The migratory routes that these migrants typically take are not entirely random but are influenced by historical and colonial ties between countries that facilitate migration and buffer against negative influences [28]. However, some have argued that as a result of globalization, these ties are loosening as destination countries become more utilitarian in encouraging migration primarily on the basis of economic requirements [7, 41]. This has shifted attention to the influence of more complex global care chains that include, for example, networks of colleagues already abroad [9, 20, 28]. Migration is often facilitated by mutually beneficial cross-border exchanges between neighbouring countries. This helps to overcome cultural and institutional differences, such as language differences or difficulties harmonizing titles and degrees [14, 42]. Nurse migration has been described as a ‘carousel’ rather than a simple south to north flow, including movement from the public to the private sector, from rural to urban locations and between multiple transnational destinations [43].

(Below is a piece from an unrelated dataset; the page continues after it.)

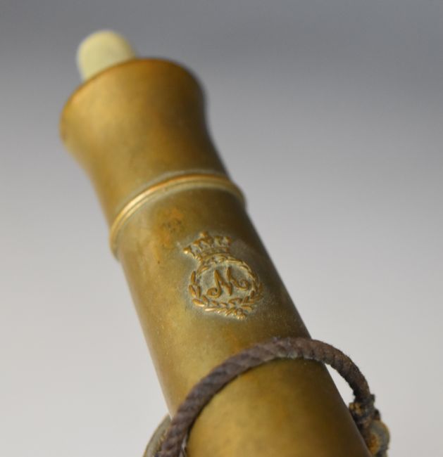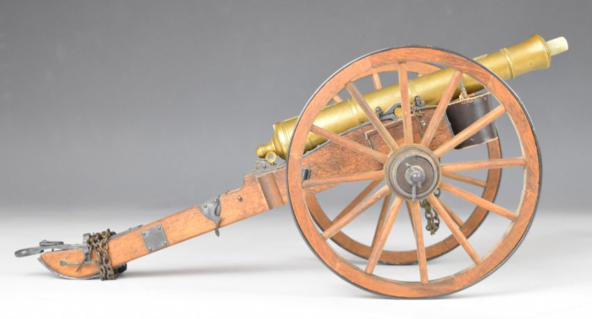 Georgian style .380 desk or signalling cannon with 8 inch graduated multi-stage bronze barrel, proof marks, ram-rod and wooden carriage, overall length 38cm PLEASE NOTE THAT A VALID RELEVANT FIREARMS/SHOTGUN CERTIFICATE IS REQUIRED TO HANDLE/PURCHASE THIS ITEM.
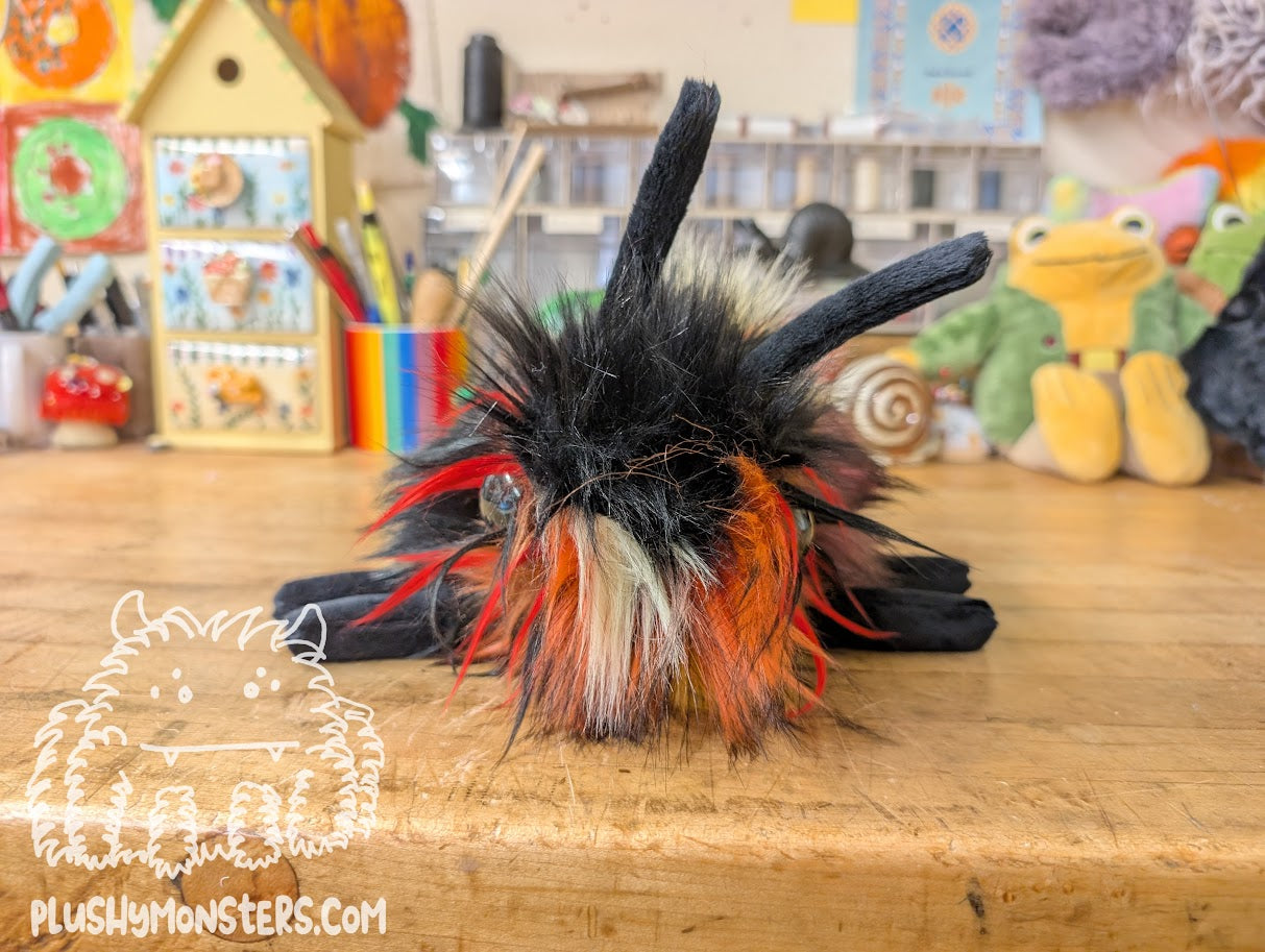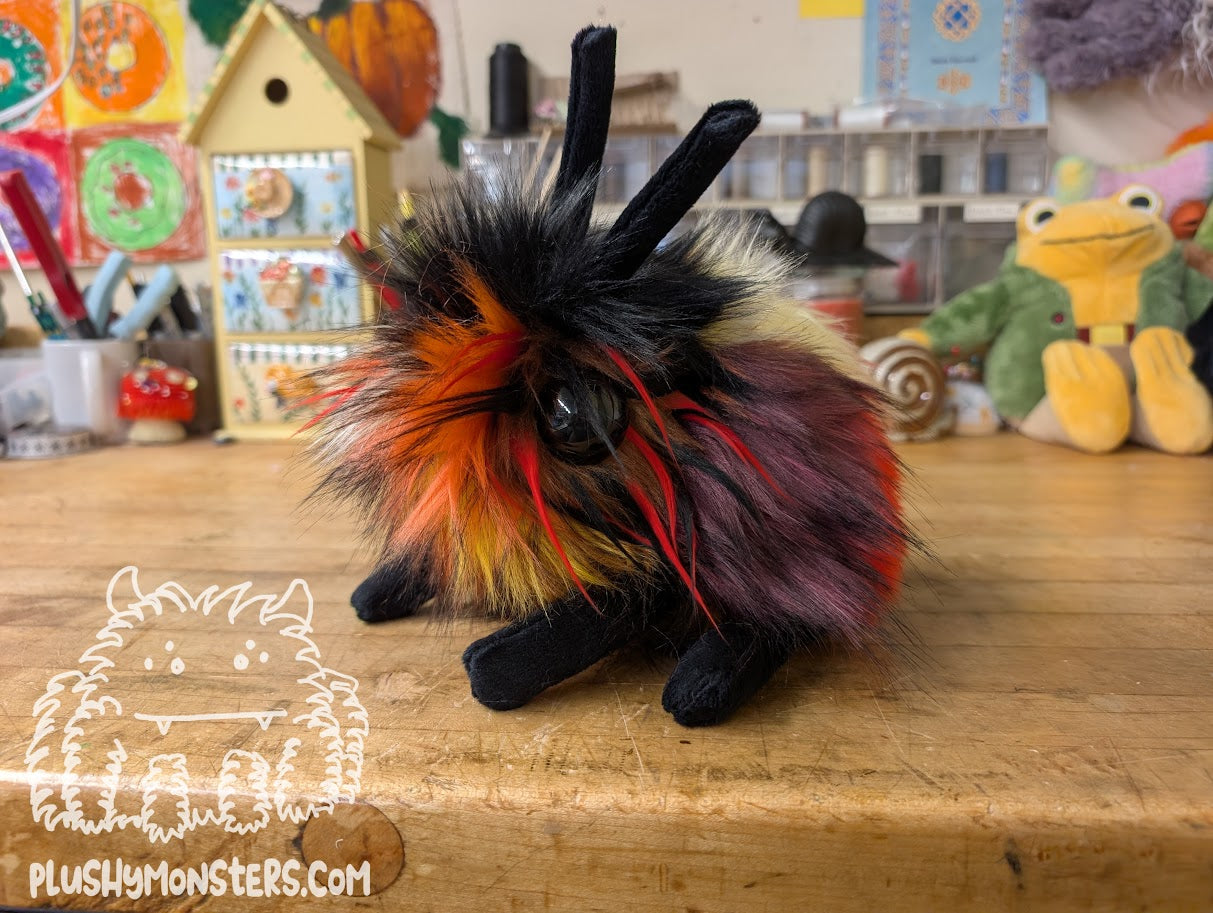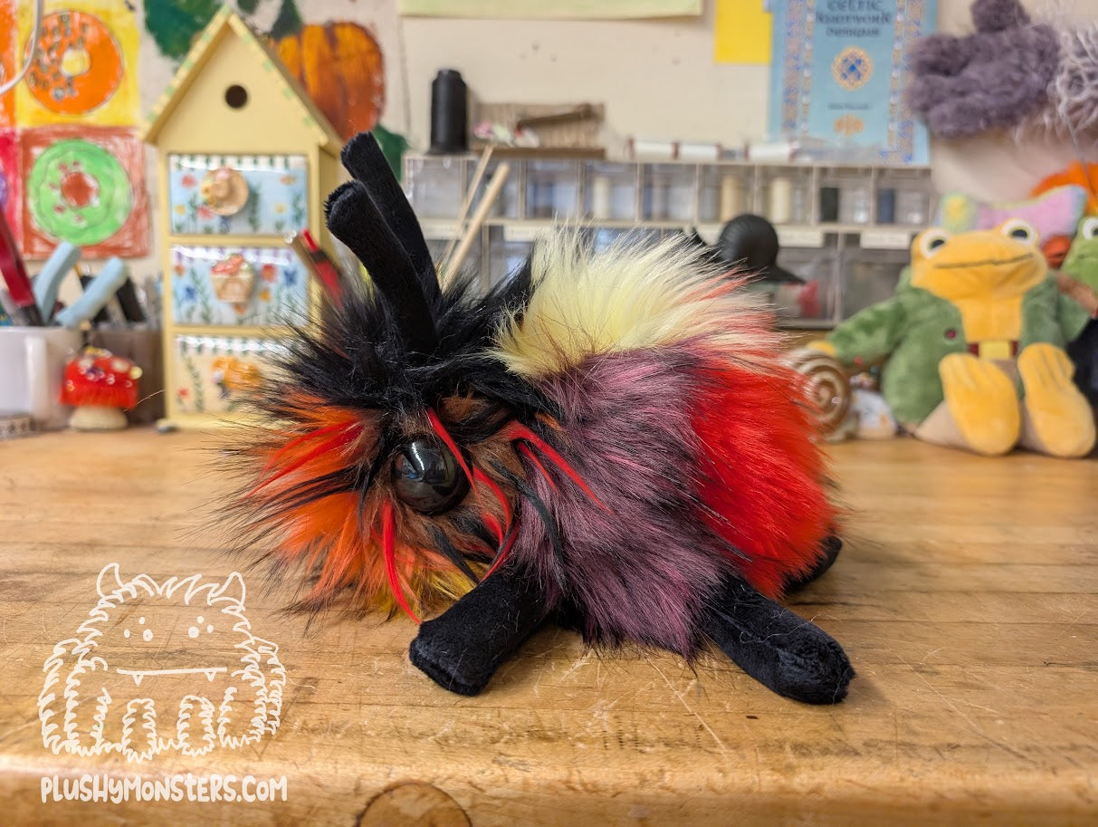 Minestrone Bug is a wonderful Bugomination made by Mom from fabric patched together by Dad. He is incredibly unique and incredibly adorable! 🥰🥰🥰 I love the color scheme and the little spikey bits around his eyes. 🥰 He is a bit of a chonk, weighing in at 1 1/2 pounds and is roughly nine inches long. He is the perfect size for lying in the center of your chest to chill while you read or watch TV. He is a sweet little guy who would love to come home to be your newest, bestest buddy!Â

Research questions and hypotheses

Based on the above review of factors that may influence successful migration, three main research questions were defined:

RQ1: What are the migration patterns of health workers? Here, we identified whether migration patterns are predominantly shaped by:
  1. a.

    Similar languages in the source and destination countries;

     
  2. b.

    Source and destination countries bordering each other; and/or

     
  3. c.

    Source and destination countries having a previous colonial relationship.

     
RQ2: What are the personal and occupational drivers of migration of health workers? Here, we explored:
  1. a.

    Whether the most qualified health workers migrate, by comparing the personal characteristics of out-migrated health workers with those of health workers in their respective source countries; and

     
  2. b.

    Whether migration pays off in terms of wages, working hours, and life and job satisfaction, by comparing the characteristics of out-migrated health workers with those of health workers in their respective source countries.

     
RQ3: Are foreign-born migrant health workers discriminated against in their destination countries? Here, we investigated:
  1. a.

    Whether these migrants suffer downward mobility, by exploring whether they end up in lower paid healthcare occupations even when they have the same qualifications as native health workers;

     
  2. b.

    Whether these migrants suffer pay discrimination, by exploring whether they receive lower wages or have longer working hours than native health workers in the same healthcare occupations; and

     
  3. c.

    Whether these migrants report an overall lower level of work and life satisfaction than native health workers.

     

Methods

Data

The WageIndicator web survey is posted continuously on national WageIndicator websites (www.wageindicator.org). The first WageIndicator website was launched in the Netherlands in 2001. Today, it is operational in 85 countries and receives millions of visitors (25 million in 2014). The websites provide job-related content, information on labour laws and minimum wages, wages of celebrities and a free ‘salary check’ (i.e. average wages based on the web survey). In reciprocation for this free information, web visitors are asked to complete a questionnaire and are encouraged to do so by being offered the chance to win a lottery. The questionnaire is posted continuously on the national websites and uses the same survey questions across countries. The questionnaire is in the national language(s), adapted to the specific country, and covers a wide range of work- and wage-related subjects as well as socio-demographics. The number of respondents in each country depends on the number of web visitors and thus varies substantially across countries.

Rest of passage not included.